**Action item**:
Copy the listing that follows, line for line, without a single difference.

(Record set Opens)

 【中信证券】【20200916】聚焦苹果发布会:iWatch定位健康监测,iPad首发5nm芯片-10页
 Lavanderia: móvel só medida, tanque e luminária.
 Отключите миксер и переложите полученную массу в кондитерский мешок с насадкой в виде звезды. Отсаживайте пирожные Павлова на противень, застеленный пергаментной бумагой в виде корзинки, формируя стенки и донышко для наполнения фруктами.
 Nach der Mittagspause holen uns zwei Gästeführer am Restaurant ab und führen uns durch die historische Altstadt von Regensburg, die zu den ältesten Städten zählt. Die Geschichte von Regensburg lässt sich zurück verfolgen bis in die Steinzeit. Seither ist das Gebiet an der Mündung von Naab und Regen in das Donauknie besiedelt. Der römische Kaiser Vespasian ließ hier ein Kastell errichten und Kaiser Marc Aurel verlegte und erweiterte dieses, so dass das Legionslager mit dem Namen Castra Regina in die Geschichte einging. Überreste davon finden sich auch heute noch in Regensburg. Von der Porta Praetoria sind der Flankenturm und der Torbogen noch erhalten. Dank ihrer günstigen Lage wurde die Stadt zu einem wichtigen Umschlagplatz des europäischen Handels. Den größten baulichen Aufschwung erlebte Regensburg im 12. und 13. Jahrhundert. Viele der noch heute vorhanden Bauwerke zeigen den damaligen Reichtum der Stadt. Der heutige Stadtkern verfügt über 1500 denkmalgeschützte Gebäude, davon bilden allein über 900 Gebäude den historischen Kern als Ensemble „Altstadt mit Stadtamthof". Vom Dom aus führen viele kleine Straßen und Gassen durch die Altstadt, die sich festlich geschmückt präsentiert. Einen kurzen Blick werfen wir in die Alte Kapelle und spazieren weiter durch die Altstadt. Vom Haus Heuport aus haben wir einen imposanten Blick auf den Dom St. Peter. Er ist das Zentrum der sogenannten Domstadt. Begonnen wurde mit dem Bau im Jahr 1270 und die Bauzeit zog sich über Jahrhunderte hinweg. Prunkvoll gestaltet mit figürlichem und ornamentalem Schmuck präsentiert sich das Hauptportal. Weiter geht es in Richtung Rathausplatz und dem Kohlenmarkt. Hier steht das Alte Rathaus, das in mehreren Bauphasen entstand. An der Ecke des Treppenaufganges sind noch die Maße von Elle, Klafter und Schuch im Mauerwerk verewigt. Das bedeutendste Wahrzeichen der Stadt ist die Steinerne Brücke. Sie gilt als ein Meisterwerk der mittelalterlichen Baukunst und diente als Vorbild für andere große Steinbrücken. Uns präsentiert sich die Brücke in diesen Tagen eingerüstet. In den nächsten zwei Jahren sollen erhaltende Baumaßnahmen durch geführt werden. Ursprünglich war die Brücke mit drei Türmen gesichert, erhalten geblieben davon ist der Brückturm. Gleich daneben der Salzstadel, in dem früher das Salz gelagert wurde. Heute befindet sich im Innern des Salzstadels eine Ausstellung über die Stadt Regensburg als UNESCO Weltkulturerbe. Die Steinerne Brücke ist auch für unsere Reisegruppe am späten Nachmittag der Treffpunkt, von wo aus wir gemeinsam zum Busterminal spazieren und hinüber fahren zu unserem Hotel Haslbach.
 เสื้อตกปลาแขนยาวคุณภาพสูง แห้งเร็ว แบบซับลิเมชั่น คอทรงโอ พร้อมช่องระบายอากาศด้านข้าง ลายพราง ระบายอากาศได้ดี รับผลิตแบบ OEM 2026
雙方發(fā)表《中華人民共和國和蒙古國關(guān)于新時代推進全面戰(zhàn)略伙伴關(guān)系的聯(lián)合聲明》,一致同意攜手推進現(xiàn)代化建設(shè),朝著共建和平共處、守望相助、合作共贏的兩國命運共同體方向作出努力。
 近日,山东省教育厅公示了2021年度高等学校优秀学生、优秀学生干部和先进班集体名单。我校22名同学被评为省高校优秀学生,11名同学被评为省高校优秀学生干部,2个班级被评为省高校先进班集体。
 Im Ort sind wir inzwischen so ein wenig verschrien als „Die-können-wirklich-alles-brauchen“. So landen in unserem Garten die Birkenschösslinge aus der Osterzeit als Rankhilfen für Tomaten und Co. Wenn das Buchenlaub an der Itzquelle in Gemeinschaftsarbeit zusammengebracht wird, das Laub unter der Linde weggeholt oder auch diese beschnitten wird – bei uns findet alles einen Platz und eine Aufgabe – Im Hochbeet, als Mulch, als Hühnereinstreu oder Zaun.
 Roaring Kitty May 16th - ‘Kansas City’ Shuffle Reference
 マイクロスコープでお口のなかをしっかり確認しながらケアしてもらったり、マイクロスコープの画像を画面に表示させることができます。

(Record set Closes)

**The completed task**:
 【中信证券】【20200916】聚焦苹果发布会:iWatch定位健康监测,iPad首发5nm芯片-10页
 Lavanderia: móvel só medida, tanque e luminária.
 Отключите миксер и переложите полученную массу в кондитерский мешок с насадкой в виде звезды. Отсаживайте пирожные Павлова на противень, застеленный пергаментной бумагой в виде корзинки, формируя стенки и донышко для наполнения фруктами.
 Nach der Mittagspause holen uns zwei Gästeführer am Restaurant ab und führen uns durch die historische Altstadt von Regensburg, die zu den ältesten Städten zählt. Die Geschichte von Regensburg lässt sich zurück verfolgen bis in die Steinzeit. Seither ist das Gebiet an der Mündung von Naab und Regen in das Donauknie besiedelt. Der römische Kaiser Vespasian ließ hier ein Kastell errichten und Kaiser Marc Aurel verlegte und erweiterte dieses, so dass das Legionslager mit dem Namen Castra Regina in die Geschichte einging. Überreste davon finden sich auch heute noch in Regensburg. Von der Porta Praetoria sind der Flankenturm und der Torbogen noch erhalten. Dank ihrer günstigen Lage wurde die Stadt zu einem wichtigen Umschlagplatz des europäischen Handels. Den größten baulichen Aufschwung erlebte Regensburg im 12. und 13. Jahrhundert. Viele der noch heute vorhanden Bauwerke zeigen den damaligen Reichtum der Stadt. Der heutige Stadtkern verfügt über 1500 denkmalgeschützte Gebäude, davon bilden allein über 900 Gebäude den historischen Kern als Ensemble „Altstadt mit Stadtamthof". Vom Dom aus führen viele kleine Straßen und Gassen durch die Altstadt, die sich festlich geschmückt präsentiert. Einen kurzen Blick werfen wir in die Alte Kapelle und spazieren weiter durch die Altstadt. Vom Haus Heuport aus haben wir einen imposanten Blick auf den Dom St. Peter. Er ist das Zentrum der sogenannten Domstadt. Begonnen wurde mit dem Bau im Jahr 1270 und die Bauzeit zog sich über Jahrhunderte hinweg. Prunkvoll gestaltet mit figürlichem und ornamentalem Schmuck präsentiert sich das Hauptportal. Weiter geht es in Richtung Rathausplatz und dem Kohlenmarkt. Hier steht das Alte Rathaus, das in mehreren Bauphasen entstand. An der Ecke des Treppenaufganges sind noch die Maße von Elle, Klafter und Schuch im Mauerwerk verewigt. Das bedeutendste Wahrzeichen der Stadt ist die Steinerne Brücke. Sie gilt als ein Meisterwerk der mittelalterlichen Baukunst und diente als Vorbild für andere große Steinbrücken. Uns präsentiert sich die Brücke in diesen Tagen eingerüstet. In den nächsten zwei Jahren sollen erhaltende Baumaßnahmen durch geführt werden. Ursprünglich war die Brücke mit drei Türmen gesichert, erhalten geblieben davon ist der Brückturm. Gleich daneben der Salzstadel, in dem früher das Salz gelagert wurde. Heute befindet sich im Innern des Salzstadels eine Ausstellung über die Stadt Regensburg als UNESCO Weltkulturerbe. Die Steinerne Brücke ist auch für unsere Reisegruppe am späten Nachmittag der Treffpunkt, von wo aus wir gemeinsam zum Busterminal spazieren und hinüber fahren zu unserem Hotel Haslbach.
 เสื้อตกปลาแขนยาวคุณภาพสูง แห้งเร็ว แบบซับลิเมชั่น คอทรงโอ พร้อมช่องระบายอากาศด้านข้าง ลายพราง ระบายอากาศได้ดี รับผลิตแบบ OEM 2026
雙方發(fā)表《中華人民共和國和蒙古國關(guān)于新時代推進全面戰(zhàn)略伙伴關(guān)系的聯(lián)合聲明》,一致同意攜手推進現(xiàn)代化建設(shè),朝著共建和平共處、守望相助、合作共贏的兩國命運共同體方向作出努力。
 近日,山东省教育厅公示了2021年度高等学校优秀学生、优秀学生干部和先进班集体名单。我校22名同学被评为省高校优秀学生,11名同学被评为省高校优秀学生干部,2个班级被评为省高校先进班集体。
 Im Ort sind wir inzwischen so ein wenig verschrien als „Die-können-wirklich-alles-brauchen“. So landen in unserem Garten die Birkenschösslinge aus der Osterzeit als Rankhilfen für Tomaten und Co. Wenn das Buchenlaub an der Itzquelle in Gemeinschaftsarbeit zusammengebracht wird, das Laub unter der Linde weggeholt oder auch diese beschnitten wird – bei uns findet alles einen Platz und eine Aufgabe – Im Hochbeet, als Mulch, als Hühnereinstreu oder Zaun.
 Roaring Kitty May 16th - ‘Kansas City’ Shuffle Reference
 マイクロスコープでお口のなかをしっかり確認しながらケアしてもらったり、マイクロスコープの画像を画面に表示させることができます。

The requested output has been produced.